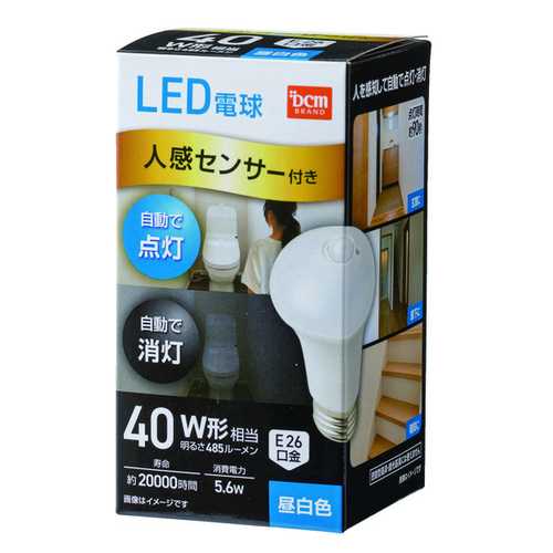 人に反応して自動で点灯!人感センサー機能搭載のLED電球。人を感知して自動で点灯・消灯します。廊下や階段やトイレや玄関などに最適。長寿命約20000時間で、ランプ交換の手間が少ないLED電球。
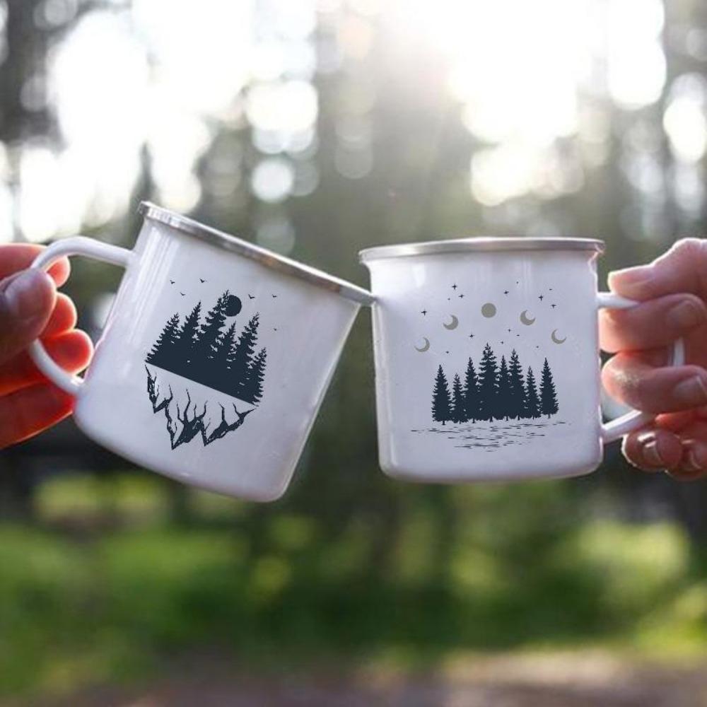 Ночной лес, горы, принт, эмаль, креативные чашки для кофе, чая, воды, молока, кружки для кемпинга, посуда для напитков, кружка для отпуска, походов, подарки
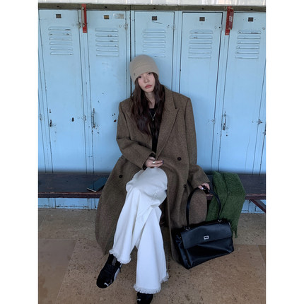 Halo Luu 棕色人字纹羊毛西装大衣女秋冬复古高级感长款毛呢外套
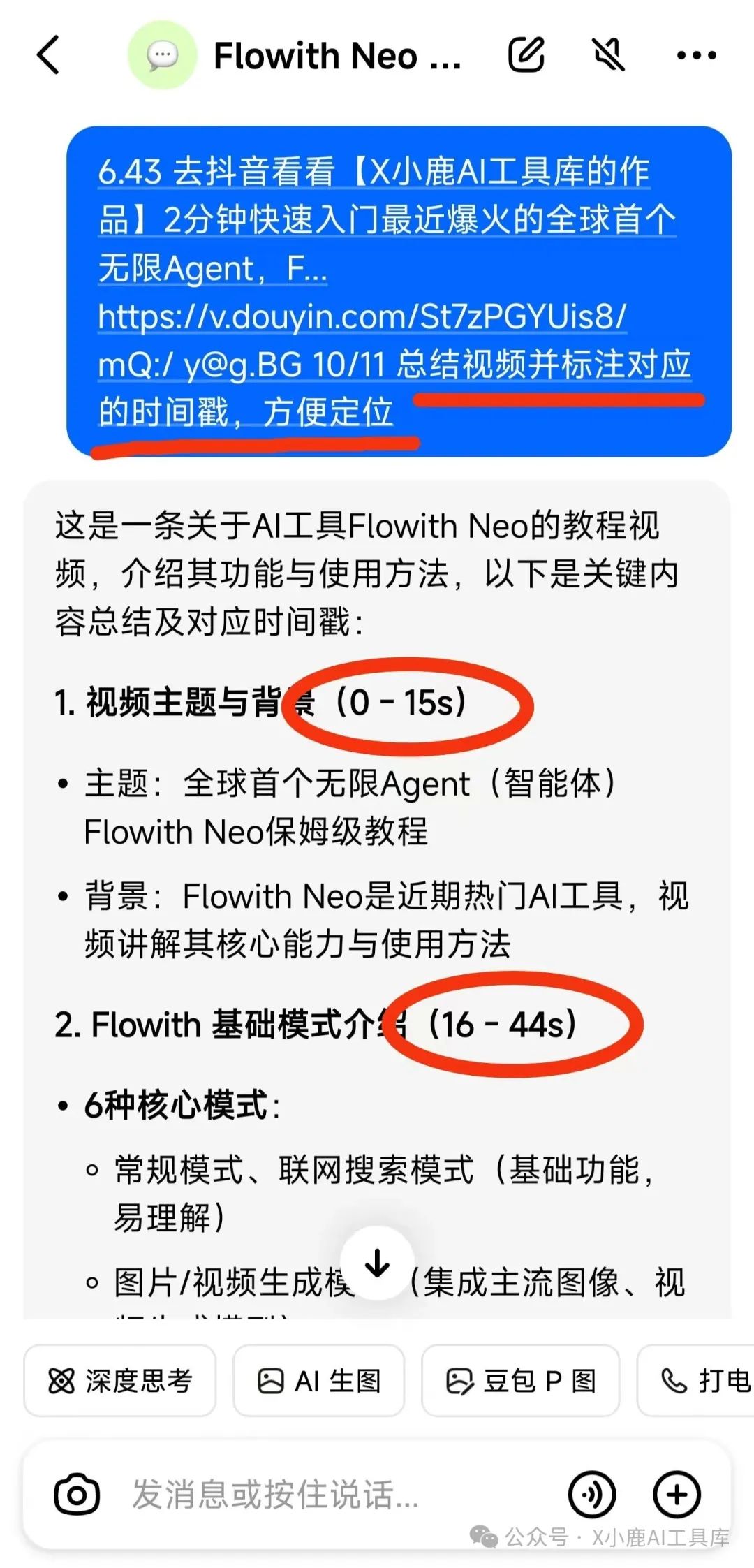 你也可以把视频链接发给豆包,并加上一句“总结视频并标注对应的时间戳,方便定位”。
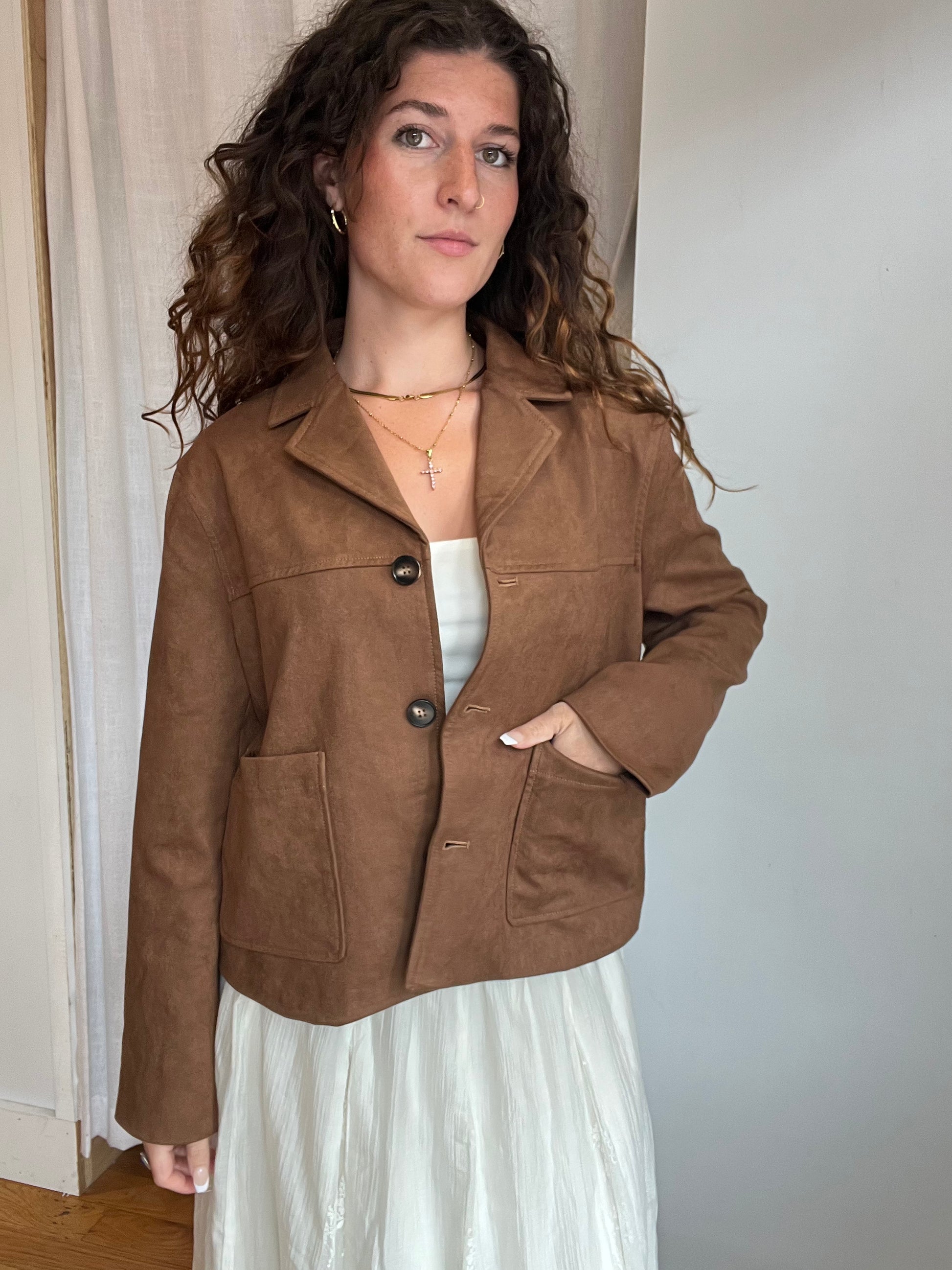 The Brent Suede Jacket is your go-to for smooth style as the seasons shift. Its soft suede finish and easygoing fit make it perfect for layering over your favorite fall looks, adding just the right touch of warmth and flair to brighten up cooler days. Get ready to fall in love!
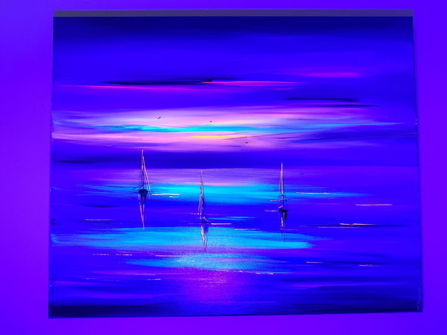 Dimensions de l'oeuvre 50 cm x 61 cm toile coton sur châssis bois. Des couleurs douces et chatoyantes, des contrastes marqués pour cette toile d'art à mi-chemin entre l'abstrait et le figuratif. Si cette oeuvre est superbe à la lumière naturelle elle dispose d'un petit plus ! Le petit plus de cette toile réside dans l'utilisation pour partie de peintures fluorescentes qui vont réagir à la lumière ultra violet. Il suffit donc d'utiliser une petite lampe uv pour obtenir des couleurs spectaculaires à la nuit tombée. Evidemment plus la luminosité sera faible dans la pièce, plus l'effet sera saisissant !
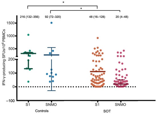 SARS-CoV-2-specific IFN-γ-producing T cell responses reactive to the S1 protein. SMNO protein detected by IFN-γ ELISpot assay 2–4 weeks post-second dose. Bar represents IQR with the median (IQR) value. * p value < 0.05. Abbreviations: IFN-γ, interferon-γ; SOT, solid organ transplant; SFUs, spot-forming units; PBMC, peripheral blood mononuclear cell; S, spike glycoprotein; S1, S1 domain of spike protein; S2N, spike and nucleoproteins; SNMO: peptide pool of spike protein, nucleoprotein, membrane protein, and open reading frame proteins.

· · ·

_Exercise goal_
Every record above should be duplicated precisely, with the images removed.

_Answer below_
 人に反応して自動で点灯!人感センサー機能搭載のLED電球。人を感知して自動で点灯・消灯します。廊下や階段やトイレや玄関などに最適。長寿命約20000時間で、ランプ交換の手間が少ないLED電球。
 Ночной лес, горы, принт, эмаль, креативные чашки для кофе, чая, воды, молока, кружки для кемпинга, посуда для напитков, кружка для отпуска, походов, подарки
 Halo Luu 棕色人字纹羊毛西装大衣女秋冬复古高级感长款毛呢外套
 你也可以把视频链接发给豆包,并加上一句“总结视频并标注对应的时间戳,方便定位”。
 The Brent Suede Jacket is your go-to for smooth style as the seasons shift. Its soft suede finish and easygoing fit make it perfect for layering over your favorite fall looks, adding just the right touch of warmth and flair to brighten up cooler days. Get ready to fall in love!
 Dimensions de l'oeuvre 50 cm x 61 cm toile coton sur châssis bois. Des couleurs douces et chatoyantes, des contrastes marqués pour cette toile d'art à mi-chemin entre l'abstrait et le figuratif. Si cette oeuvre est superbe à la lumière naturelle elle dispose d'un petit plus ! Le petit plus de cette toile réside dans l'utilisation pour partie de peintures fluorescentes qui vont réagir à la lumière ultra violet. Il suffit donc d'utiliser une petite lampe uv pour obtenir des couleurs spectaculaires à la nuit tombée. Evidemment plus la luminosité sera faible dans la pièce, plus l'effet sera saisissant !
 SARS-CoV-2-specific IFN-γ-producing T cell responses reactive to the S1 protein. SMNO protein detected by IFN-γ ELISpot assay 2–4 weeks post-second dose. Bar represents IQR with the median (IQR) value. * p value < 0.05. Abbreviations: IFN-γ, interferon-γ; SOT, solid organ transplant; SFUs, spot-forming units; PBMC, peripheral blood mononuclear cell; S, spike glycoprotein; S1, S1 domain of spike protein; S2N, spike and nucleoproteins; SNMO: peptide pool of spike protein, nucleoprotein, membrane protein, and open reading frame proteins.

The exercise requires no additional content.